**This article has 2 parts:**

1. Theory behind conditional probability

2. Example with python

# Part 1: Theory and formula behind conditional probability

For once, wikipedia has an approachable definition,

In probability theory,

conditional probabilityis a measure of the probability of an event occurring given that another event has (by assumption, presumption, assertion or evidence) occurred.

**Translation:** given B is true, what is the probability that A is also true.

It’s easier to understand something with concrete examples. Below are a few random examples of conditional probabilities we could calculate.

**Examples:**

- What’s the probability of someone sleeping less than 8 hours if they’re a college student.
- What’s the probability of a dog living longer than 15 years if they’re a border collie.
- What’s the probability of using all your vacation days if you work for the government.

## Formula:

The formula for conditional probability is `P(A|B) = P(A ∩ B) / P(B)`

.

**The parts:**

P(A|B) = probability of A occurring, given B occurs

P(A ∩ B) = probability of both A and B occurring

P(B) = probability of B occurring

`|`

means “given”. Meaning “in cases where something else occurs”.

`∩`

means intersection which you can think of as `and`

, or the overlap in the context of a Venn diagram.

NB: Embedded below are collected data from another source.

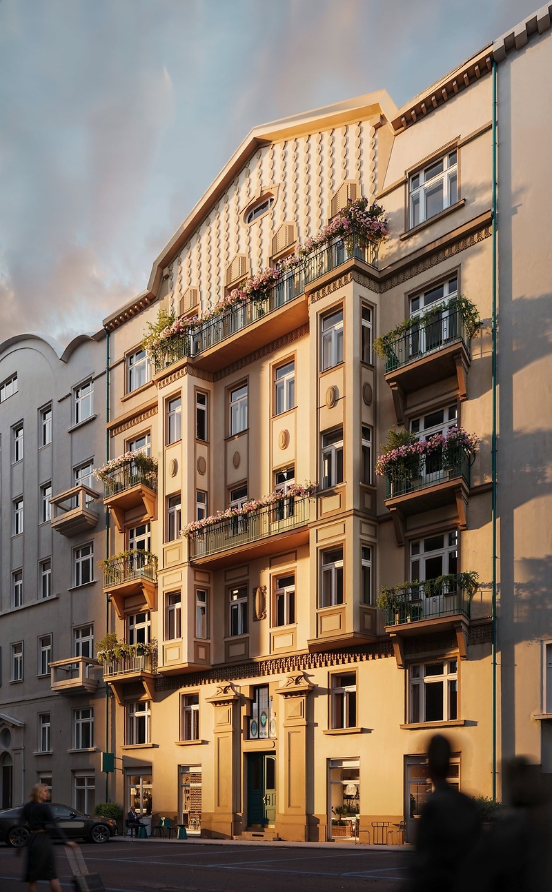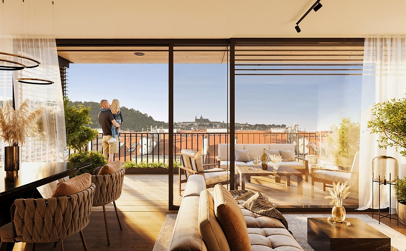 This generous four-bedroom apartment offering 137 m² of living space is located in the refined Pecháčkova 6 residential project. The development was created through a carefully executed reconstruction of a neoclassical building in Smíchov. Set in a peaceful riverside neighborhood, the apartment is just a short walk from the Smíchov embankment, nearby parks, and a full range of civic amenities. The apartment is situated on the 7th floor and features a well-designed layout comprising a spacious living room with preparation for a kitchenette, a large bedroom with direct access to the terrace and a private bathroom, two additional bedrooms, a study, a bathroom with a shower, a separate WC, a practical storage room, and an entrance hall offering ample space for built-in wardrobes. The unit further benefits from a 33.2 m² terrace and a 3.8 m² cellar. The white-wall finish provides a neutral base, allowing the interior to be customized to individual design preferences. Following a complete renovation of the common areas, the elegant apartment building will feature premium materials such as terrazzo flooring, cut glass, and Venetian stucco, complemented by modern security doors and a new glass elevator. Residents will also enjoy a revitalized courtyard and an on-site sauna, designed for comfort and relaxation. Smíchov is a peaceful residential district that blends the elegance of historic townhouses with the benefits of modern urban infrastructure. Just steps away lies the Smíchov embankment, offering a vibrant selection of bars, restaurants, and leisure options, while the city center is easily accessible within minutes by tram or metro.
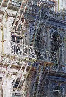 Tim Folzenlogen (born May 2, 1952) is a contemporary realist painter based in New York City. His work has been shown in more than 50 solo shows, and he has sold more than 1000 paintings.[1] Most of his works depict architectural details in New York City, and the way features of buildings are illuminated by slanting rays of light.
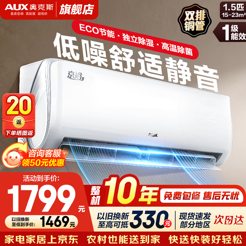 奥克斯(AUX)大1.5匹空调挂机大1匹省电侠Pro新一级能效变频冷暖 挂式卧室 铜管空调 以旧换新 大1.5匹一级能效京裕Ⅱ 节能静音
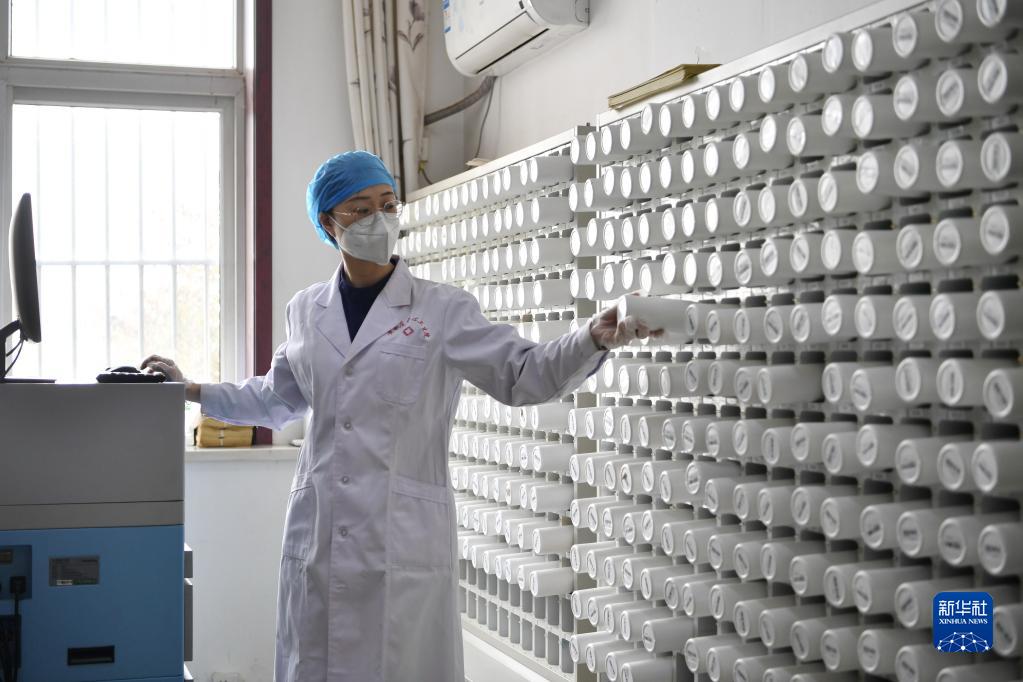 1月15日,唐山市豐南區黃各莊鎮中心衛生院的醫師在“國醫堂”內配藥。

But why do we divide `P(A ∩ B)`

by `P(B)`

in the formula?

Because we want to exclude the probability of non-B cases. We’re scoping our probability to that falling within `B`

.

Dividing by`P(B)`

removes the probability of anything not `B`

. `C — B`

above.

# Part 2: Example with python

We’re going to calculate the probability a student gets an A (80%+) in math, given they miss 10 or more classes.

Download the dataset from kaggle and inspect the data.

import pandas as pd

df = pd.read_csv('student-alcohol-consumption/student-mat.csv')

df.head(3)

And check the number of records.

len(df)

#=> 395

We’re only concerned with the columns, `absences`

(number of absences), and `G3`

(final grade from 0 to 20).

Let’s create a couple new boolean columns based on these columns to make our lives easier.

Add a boolean column called `grade_A`

noting if a student achieved 80% or higher as a final score. Original values are on a 0–20 scale so we multiply by 5.

df['grade_A'] = np.where(df['G3']*5 >= 80, 1, 0)

Make another boolean column called `high_absenses`

with a value of 1 if a student missed 10 or more classes.

df['high_absenses'] = np.where(df['absences'] >= 10, 1, 0)

Add one more column to make building a pivot table easier.

df['count'] = 1

And drop all columns we don’t care about.

df = df[['grade_A','high_absenses','count']]

df.head()

Nice. Now we’ll create a pivot table from this.

pd.pivot_table(

df,

values='count',

index=['grade_A'],

columns=['high_absenses'],

aggfunc=np.size,

fill_value=0

)

We now have all the data we need to do our calculation. Let’s start by calculating each individual part in the formula.

**In our case:**`P(A)`

is the probability of a grade of 80% or greater.`P(B)`

is the probability of missing 10 or more classes.`P(A|B)`

is the probability of a 80%+ grade, given missing 10 or more classes.

**Calculations of parts:**

P(A) = (35 + 5) / (35 + 5 + 277 + 78) = 0.10126582278481013

P(B) = (78 + 5) / (35 + 5 + 277 + 78) = 0.21012658227848102

P(A ∩ B) = 5 / (35 + 5 + 277 + 78) = 0.012658227848101266

And per the formula, `P(A|B) = P(A ∩ B) / P(B)`

, put it together.

P(A|B) = 0.012658227848101266/ 0.21012658227848102= 0.06

There we have it. The probability of getting at least an 80% final grade, given missing 10 or more classes is 6%.